In the 1980s, many interested parties began developing concepts of advanced television, or HDTV, geared at reproducing superior-quality 16:9 aspect ratio pictures when seated at three times the picture height. The International Telecommunications Union (ITU) defines HDTV as:
“…[A] system designed to allow viewing at about three times the picture height, such that the system is virtually, or nearly, transparent to the quality of portrayal that would have been perceived in the original scene or performance by a discerning viewer with normal visual acuity. Such factors include improved motion portrayal and improved perception of depth.”
A tall order indeed!
In the United States, the development of the advanced television concepts was entrusted to the Advanced Television Systems Committee (ATSC), a private sector organization of corporations, associations and educational institutions. It was responsible for exploring the need for and developing the documentation of the advanced television system.
Video system characteristics
The ATSC standard supports a range of program materials originating in different picture formats. Two program format levels, SDTV (480 active lines) and HDTV (720 and 1080 active lines), are represented.
Table 1. 4:3 aspect ratio ATSC picture formats Active H-samples Active lines Scanning mode Frame rate (Hz)* 640 480 Progressive 60(60/M), 30(30/M), 24(24/M) Interlaced 30(30/M) 704 480 Progressive 60(60/M), 30(30/M), 24(24/M) Interlaced 30(30/M) * M=1.001 is a frame rate divisor for NTSC-friendly systems.
Table 1 summarizes the 4:3 aspect ratio SDTV ATSC formats. The scanning mode may be progressive or interlaced, and several frame rates are specified. The formats are, respectively:
- a VGA format (640 pixels × 480 lines)
- a slightly modified CCIR 601 format (704 H samples × 480 lines).
The modification consists in reducing the number of active samples per line to 704 and active scanning lines per frame to 480. This is an MPEG-2 requirement to the effect that the number of active pixels per line and active lines per frame be a multiple of the pixels and lines in a DCT block (8 pixels × 8 lines).
Table 2 on page 24 summarizes the 16:9 aspect ratio formats. NTSC-friendly frame rates are obtained by dividing the nominal frame rate by M=1.001. The formats are:
- SDTV format (704 H samples × 480 lines) modified to MPEG-2 requirements as explained above. This format may use the progressive or interlaced scanning mode at several frame rates. SMPTE standards 293M (progressive scanning) and 294M (bit-serial interface) define the production aspects of the format.
- HDTV format A (1280 H samples × 720 lines). This format uses exclusively progressive scanning at several frame rates and is described in the SMPTE 296M standard.
- HDTV format B (1920 H samples × 1080 lines). This format uses exclusively progressive or interlaced scanning at frame rates not exceeding 30Hz.
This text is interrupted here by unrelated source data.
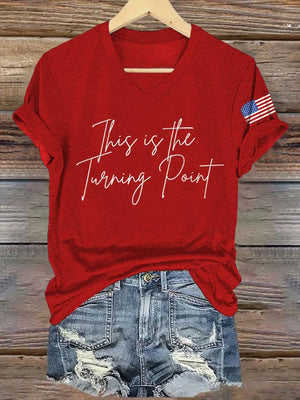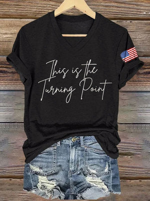 V-Neck Retro This Is The Turning Point Print T-Shirt
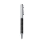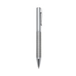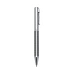 Caneta metálica com carga esferográfica azul e acionamento por rotação.
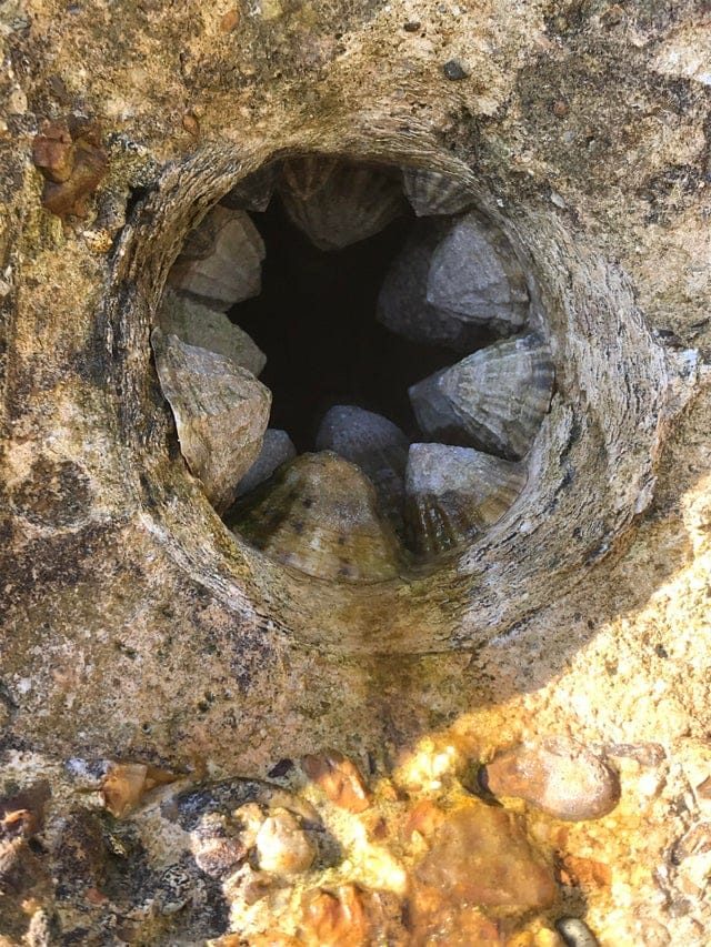 Эти штуки — морские блюдечки. Скорее всего дыру оставил бур, и там поселились улитки.
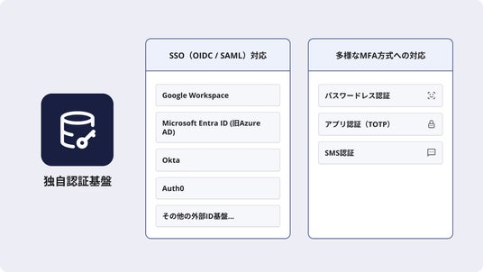 従来のSaaS型認証に依存しない構成により、OIDC / SAMLによるSSO統合、認証アプリ(TOTP)を用いた多要素認証(MFA)、重要操作時のステップアップ認証など、高度なセキュリティ要件に対応。認証データの保存リージョン制御や社内ID基盤との統合にも柔軟に対応可能となり、エンタープライズ企業に求められるセキュリティ・コンプライアンス・拡張性を同時に実現します。
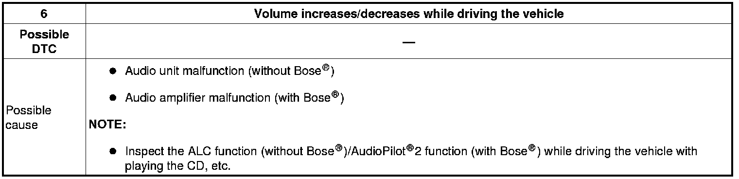 NO.6 VOLUME INCREASES/DECREASES WHILE DRIVING THE VEHICLE [ENTIRE AUDIO SYSTEM]
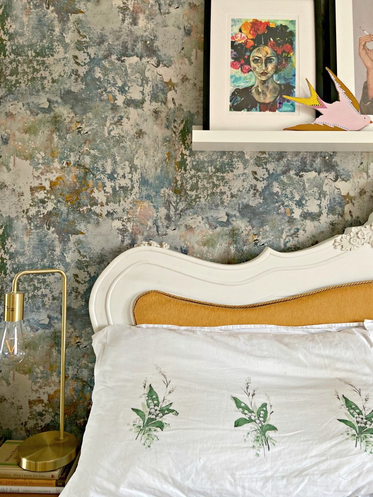 I tend to move my pictures around the house a lot! At the moment I have it over our bed which I recently wallpapered.
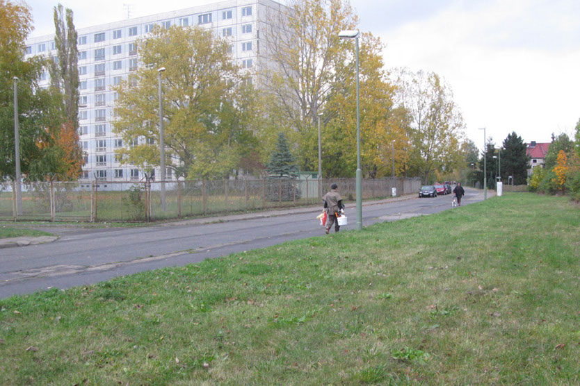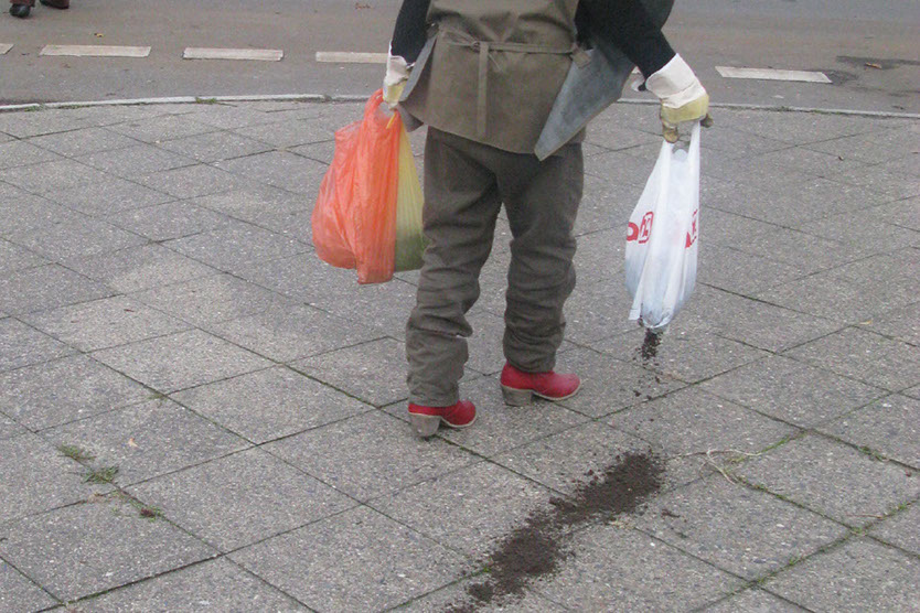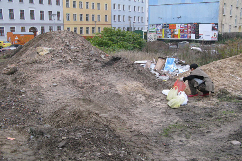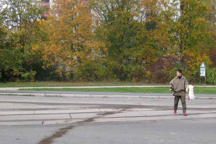 Earth Thief 2009 by Eunji Cho, a performance, here shown as video documentation, in which the artist crossed hundreds of borders within the city of Berlin—some visible and active, others (like that of the Berlin Wall) now defunct. During her circular trip, she dragged a bag of dirt be- hind her, filling it with soil from different parks or plant beds and then letting it leak out as she walked. Connecting this work to her personal history, Cho, who was born in South Korea in the 1970s, explains, “The line is always in my mind,” referring to the border between North and South Korea. Her act of fertilizing areas of the city can be seen as an act of renewal: a free-form artistic re-zoning, where old borders are erased or muddled with new lines created in her wake.

This restriction is due to the fact that a progressive 60Hz frame rate would result in a non-compressed bit-serial rate of 3Gb/s, which exceeded the bit-rate compression capabilities at the time the ATSC standard was developed. SMPTE Standards 274M (scanning) and 292M (bit-serial interface) define several formats, including progressive scanning, which, currently, is not an ATSC format.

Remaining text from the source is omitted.